Have em sign an old arrow and shoot it into a tree or something permanent.


----------



## rapid fire (Feb 13, 2015)

That's great Al.  I think the name idea is great.  Just look back at photos of folks on the cow and I'm sure you can come up with everyone.  Haha


----------



## sawtooth (Feb 13, 2015)

That's awesome Al.  Way to go.


----------



## Triple C (Feb 13, 2015)

Al...Pretty special right there!


----------



## John Cooper (Feb 14, 2015)

AL is a great ambassador. .......


----------



## longbowdave1 (Feb 14, 2015)

john cooper said:


> al is a great ambassador. .......



x2!


----------



## SELFBOW (Feb 15, 2015)

John Cooper said:


> AL is a great ambassador. .......



He's been at it a long time....

http://forum.gon.com/showthread.php?t=337483&highlight=


----------



## Todd Cook (Feb 15, 2015)

John Cooper said:


> AL is a great ambassador. .......



When I have more free time in the coming years, I hope I can follow your lead.


----------



## Munkywrench (Feb 15, 2015)

Al, there arent many men nowadays that truly live up to the legends, and sure you aren't out chasing polar bears in the Arctic or daul sheep in the mountains, but your impact is the same as what made the others legends. Many men have hunted as hard as they have, some are well known, others are not. However, what made the legends was their passion for the sport, and to nurture and grow it.
 Few men or women have the patience, time or care to do the things that you have done in our community. You set an example for all of us, and we will be lucky to have half the impact on this sport that you have. Your footprints may not spread far, however they are deep and straight, making it easy for us to see where we should go.
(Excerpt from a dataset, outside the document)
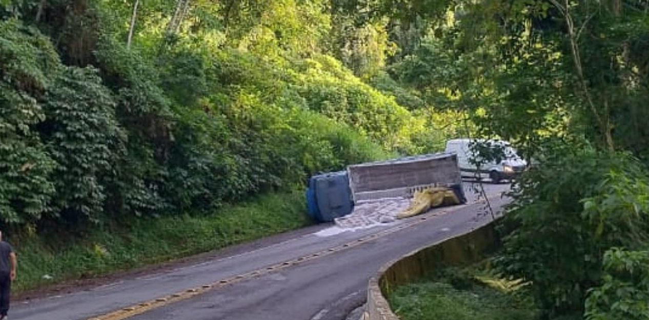 Na manhã desta quarta-feira (5), um caminhão tombou na serra da rodovia Oswaldo Cruz, entre Ubatuba e Taubaté. De acordo com informações do Departamento de Estradas e Rodagem (DER), o acidente ocorreu por volta das 7h15, na altura do km 83,1. Felizmente, o motorista não sofreu ferimentos.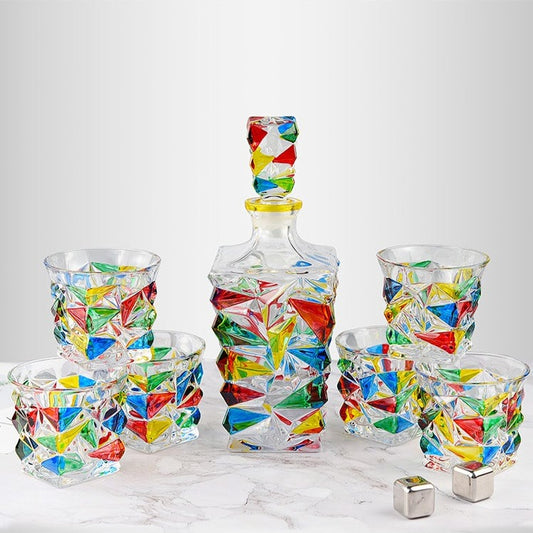 Murano Hand Painted Crystal Whiskey Decanter Set

Thank you

Now that that's said, someone remind me to make more fun of him in march and keep him away from my wife


----------



## Al33 (Feb 16, 2015)

This thread has done got embarrassing. I truly appreciate the kind words but the subject of this thread is Josh because all of you will come to know him real soon. He truly is an exceptional young man and in the very short time I have known him has been a real blessing to me. He has been over here every day since the first day he shot the bow helping me with the firewood or whatever else I needed at the time. 
Even this cold morning I looked outside and there he was filling up my empty wood bins. We worked hard all day yesterday trying to get them filled up bet never managed to get them all full at one time. He hung in there and refused to leave until we had enough filled not to run out. Add to his character the fact that he has already developed near perfect shooting form and is hitting where he is looking most of the time and he will be a blessing to our trad archery family. I am anxious for all of you to meet him and for him to meet all of you thus the introduction here.

Now Tony, that was some pretty creative writing there and I appreciate it but do yourself a favor and not let the family think you are worried about an old one eyed fat man.


----------



## lagrangedave (Feb 16, 2015)

You can add my name to that list too Al, thanks for all that you do.


----------



## gurn (Feb 16, 2015)

Great job Al keep it up. Folks wont forget who got them into such ah great sport.


----------



## Munkywrench (Feb 18, 2015)

Figure at least your ego could get stroked


----------



## hambone76 (Feb 18, 2015)

Good job Al33 and welcome to the addiction Josh.


----------